To the best of our knowledge, this is the first case report of TTP with ocular manifestations managed with caplacizumab alongside PLEX, corticosteroids and rituximab. Compared with previous reports in which only PLEX, corticosteroids and rituximab were given, the degree of visual recovery appeared favourable, with improvement noted within 2 days of initiating treatment and resolution within 1 month. In this case, prompt treatment with caplacizumab alongside PLEX, corticosteroids and rituximab might associate with speedy vision recovery.
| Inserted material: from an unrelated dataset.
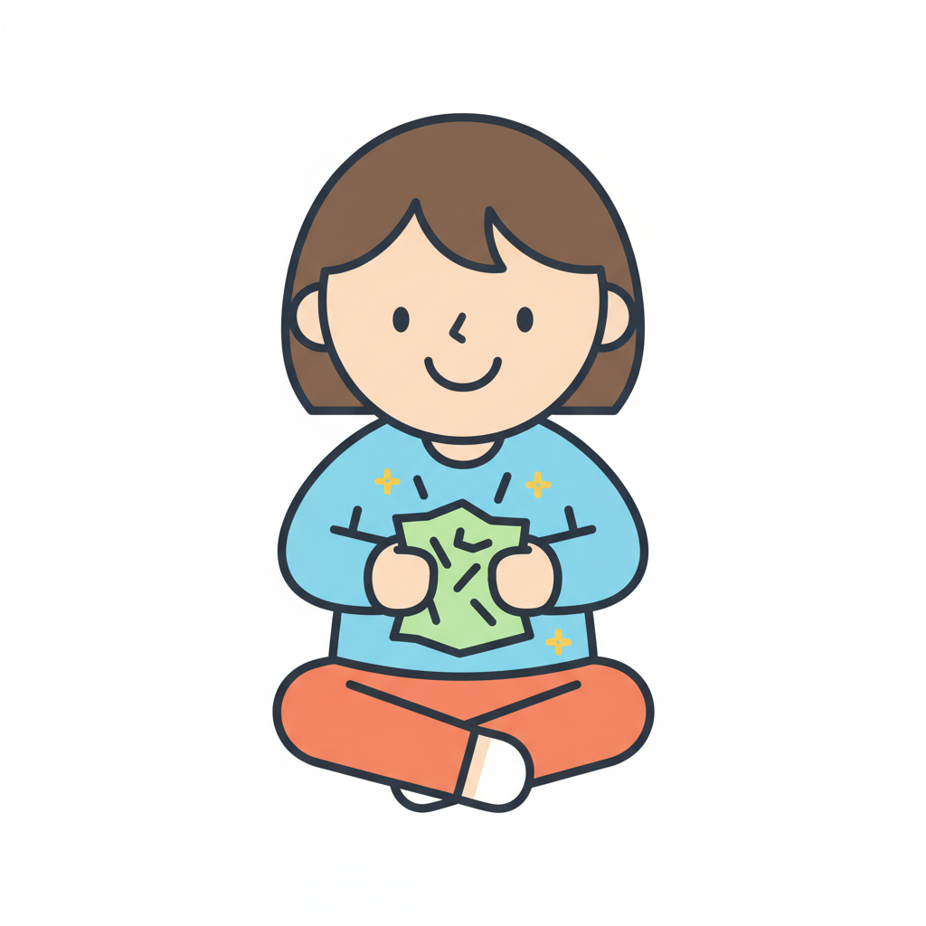 Niedliche, kindgerecht illustrierte Szene mit einem Kind oder einer Person als Hauptfigur, vor rein weißem Hintergrund, im frech-nordischen Aquarell-Skizzenstil. Klare, leicht wackelige Tuschekonturen, sichtbare Pinsel- und Strichtextur, dezente Schraffuren, weiche handgemalte Farbflächen in gedeckten Farben. Einfache, runde Formen. Keine harten Schatten, sondern sanfte, transparente Aquarellschichten. Leicht raue, handgezeichnete Linien statt glatter Vektorkanten. Subtile, vereinzelte Kritzelpunkte oder kleine Details im Hintergrund (wie Pünktchen oder feine Striche), aber keine echte Umgebung oder Landschaft. Die Figur ist mittig zentriert. Insgesamt charmant, humorvoll, warm und handgemacht wirkend. WICHTIG: Das Bild darf ABSOLUT KEINEN TEXT, KEINE BUCHSTABEN und KEINE ZAHLEN enthalten.

Further review of literature demonstrated two double, blind controlled trials using this regimen that showed a statistically significant reduction in TTP-related death, recurrence of TTP, treatment refractoriness and normalisation of organ-damage markers.20 21

While acquired thrombotic thrombocytopenic purpura (TTP) is idiopathic in approximately one-third of all cases, it can be associated with malignancy, autoimmune disease, pregnancy and drugs.

Ocular TTP, including bilateral retinal detachment, is a rare but devastating manifestation of TTP. Therefore, TTP presenting with ocular manifestation can be overlooked in the absence of other systemic symptoms and supporting laboratory results.

Management of TTP includes urgent plasma exchange, steroids and rituximab.

The initiation of caplacizumab, in addition to the aforementioned therapies for TTP-associated ocular manifestation, might result in favourable outcomes with near-complete vision recovery.